Common Challenges & Solutions
Challenge
Users complain web filtering blocks legitimate work-related sites causing productivity issues.
Solution
Implement streamlined exception process: user submits request via ticket/form with business justification, manager approval auto-forwarded to IT security, security reviews (verify site is not malicious), and exception applied within 2-4 hours for approved requests. Log all exceptions for audit. Provide self-service portal showing why site was blocked and how to request access. Review exception requests weekly to identify overly-restrictive policies that should be adjusted globally rather than case-by-case exceptions.
Challenge
Remote workers bypass web filtering using personal devices, mobile hotspots, or changing DNS settings.
Solution
Enforce filtering regardless of location/device: (1) Cloud-based web filtering with always-on agents on corporate laptops (Zscaler, Umbrella), (2) Always-on VPN required for accessing corporate resources forcing traffic through filtered connection, (3) Endpoint protection preventing DNS changes and VPN/proxy installation, (4) Mobile Device Management (MDM) enforcing filtering on company-issued phones/tablets, (5) Network Access Control (NAC) blocking unmanaged devices from accessing corporate network. Accept you cannot control personal devices—require work only on managed devices.
Challenge
SSL inspection breaks certain websites and applications (banking, healthcare, software updates).
Solution
Maintain SSL inspection bypass list for problematic destinations: banking sites with certificate pinning, healthcare portals with strict security, software update servers (Apple, Microsoft, antivirus vendors), government sites requiring end-to-end encryption. Bypass only specific domains (not entire categories).
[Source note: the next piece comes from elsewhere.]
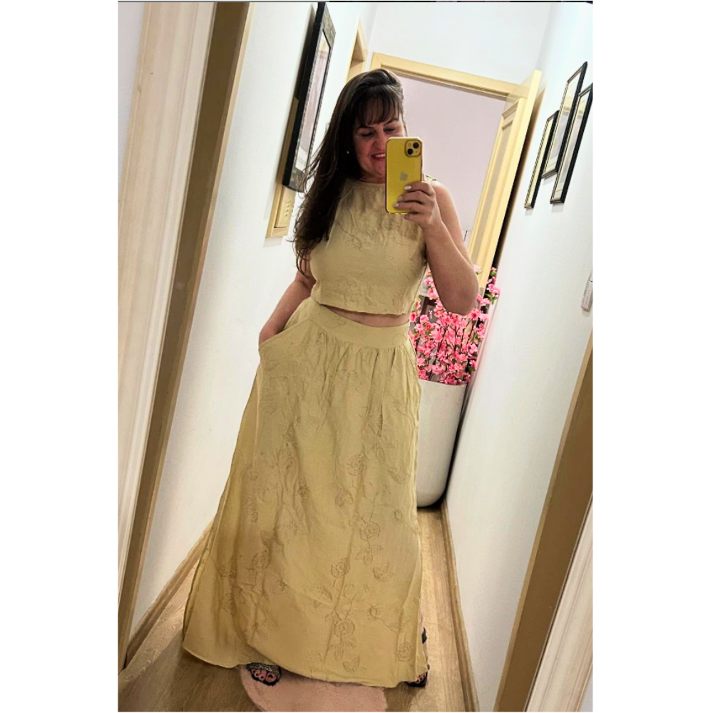 Delicado e elegante, este conjunto une modernidade e sofisticação em cada detalhe. A blusinha estilo cropped com decote em V valoriza o colo de forma feminina e charmosa, enquanto a saia longa fluida garante movimento e leveza ao look. O grande destaque fica por conta dos bordados feitos à mão, presentes em ambas as peças, que trazem exclusividade e um toque artesanal único. Confeccionado em tecido macio e confortável, é perfeito para ocasiões especiais que pedem um visual marcante e sofisticado.

Use HSTS preload lists to identify sites requiring bypass. For highly sensitive connections, accept that you cannot inspect—rely on endpoint protection and user training for those sites. Document privacy justification for bypassing medical/financial sites.
Challenge
Web filtering adds latency making internet browsing slow and frustrating users.
Solution
Optimize filtering performance: use cloud-based web filtering with points of presence near your users (lower latency than backhauling traffic to central datacenter), implement split-tunneling for non-sensitive traffic (direct internet access for streaming/personal sites while routing corporate traffic through filter), cache allowed destinations (whitelist frequently-accessed work sites to skip inspection), and use DNS filtering for minimal latency (blocks at DNS resolution before connection established). Measure actual latency impact—often perceived slowness is due to blocking previously-instant access to unproductive sites.
Challenge
How do we filter web access for guest WiFi users without blocking their legitimate needs?
Solution
Separate guest and corporate network filtering policies: Guest network has minimal filtering (block only malware/phishing, allow social media, streaming), isolate guest network from corporate resources (no access to internal servers, printers, file shares), throttle bandwidth to prevent abuse, and capture basic logs for security incidents (timestamp, MAC address, destination). Alternatively, do not provide guest WiFi—require guests use cellular data. If you must provide guest access, accept higher risk and compensate with network segmentation ensuring guests cannot reach corporate systems.